TASK BRIEF: Return each line below exactly as it reads, and omit any image in it.

DATASET EXCERPT:
-- Opening Marker --
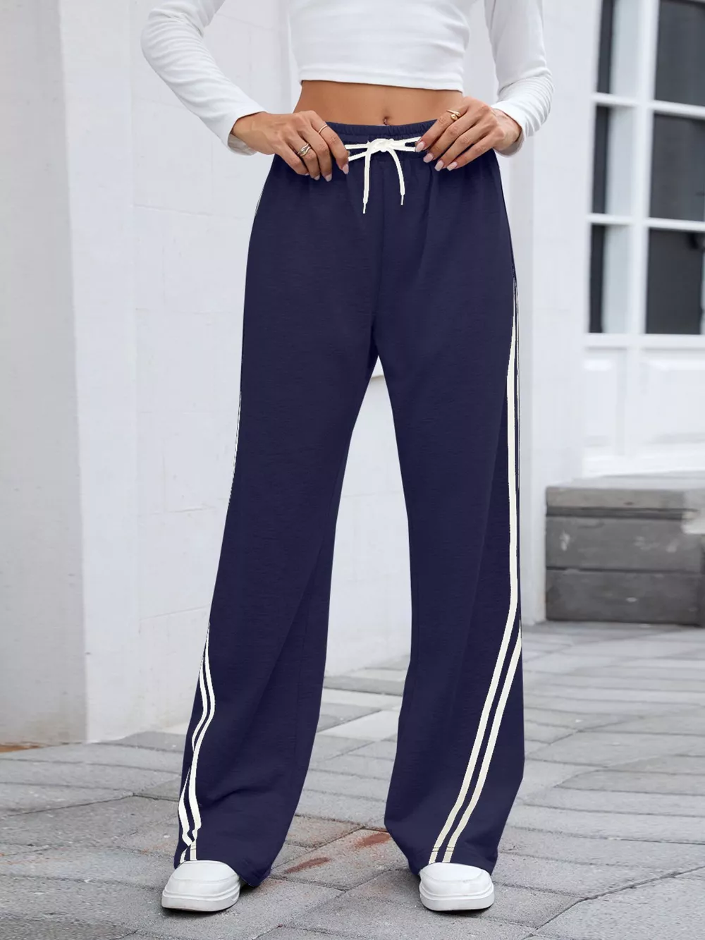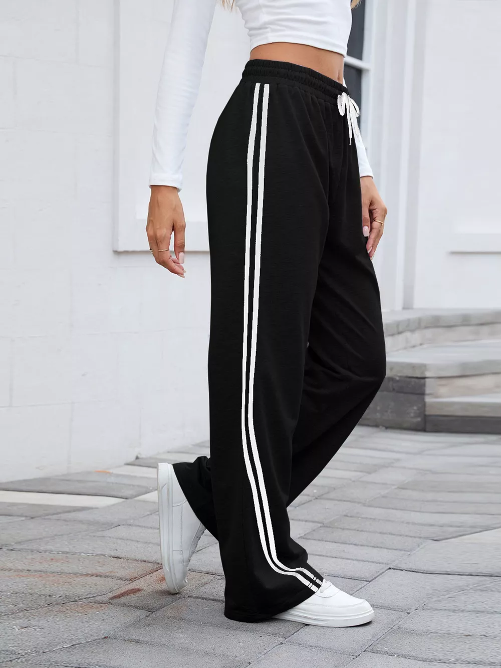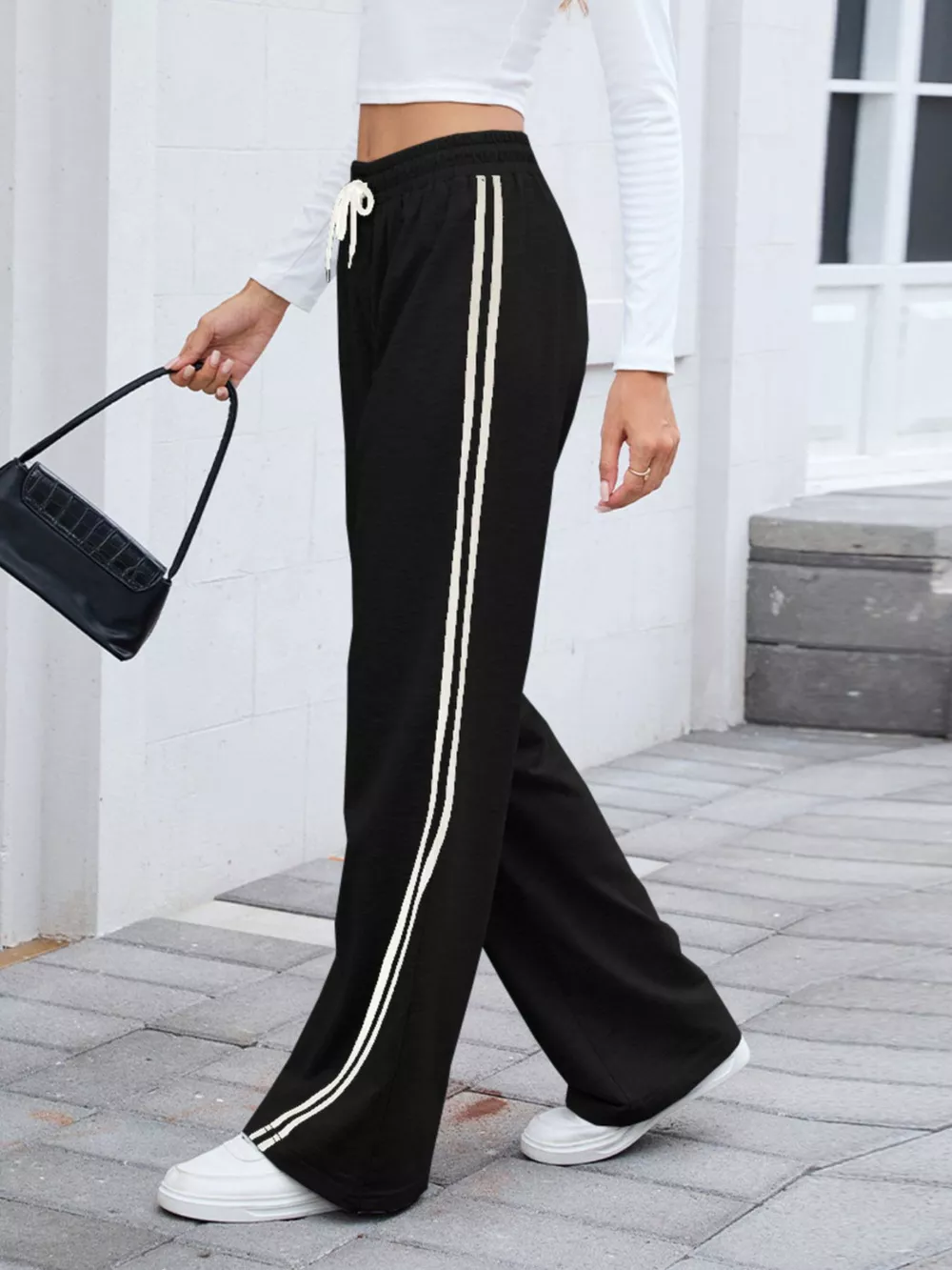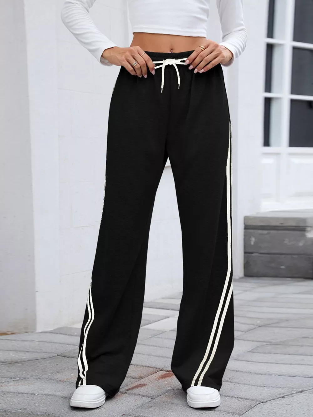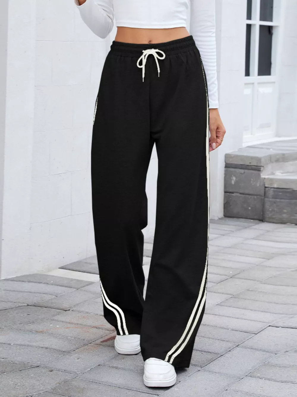 Side Striped Wide Leg Pants
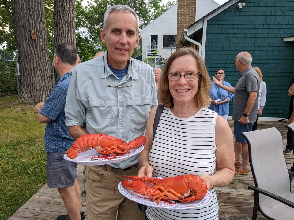 We managed to get a seat for the sold-out annual lobster dinner at the yacht club, and I got to experience my first whole lobster. There was an option to have it partially cracked and shelled (which I took) or you could just take it whole (Andy's choice, as the lineup was shorter). Dessert was strawberries and cream, yum.
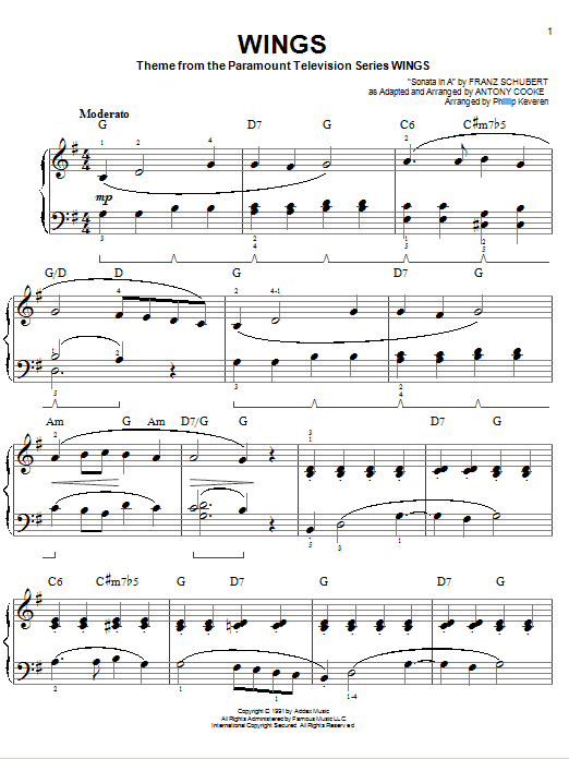 Download or print Antony Cooke Wings (arr. Phillip Keveren) sheet music, chords and digital score arranged for Easy Piano. This Film/TV score includes 2 page(s).
-- Closing Marker --
SOLUTION:
 Side Striped Wide Leg Pants
 We managed to get a seat for the sold-out annual lobster dinner at the yacht club, and I got to experience my first whole lobster. There was an option to have it partially cracked and shelled (which I took) or you could just take it whole (Andy's choice, as the lineup was shorter). Dessert was strawberries and cream, yum.
 Download or print Antony Cooke Wings (arr. Phillip Keveren) sheet music, chords and digital score arranged for Easy Piano. This Film/TV score includes 2 page(s).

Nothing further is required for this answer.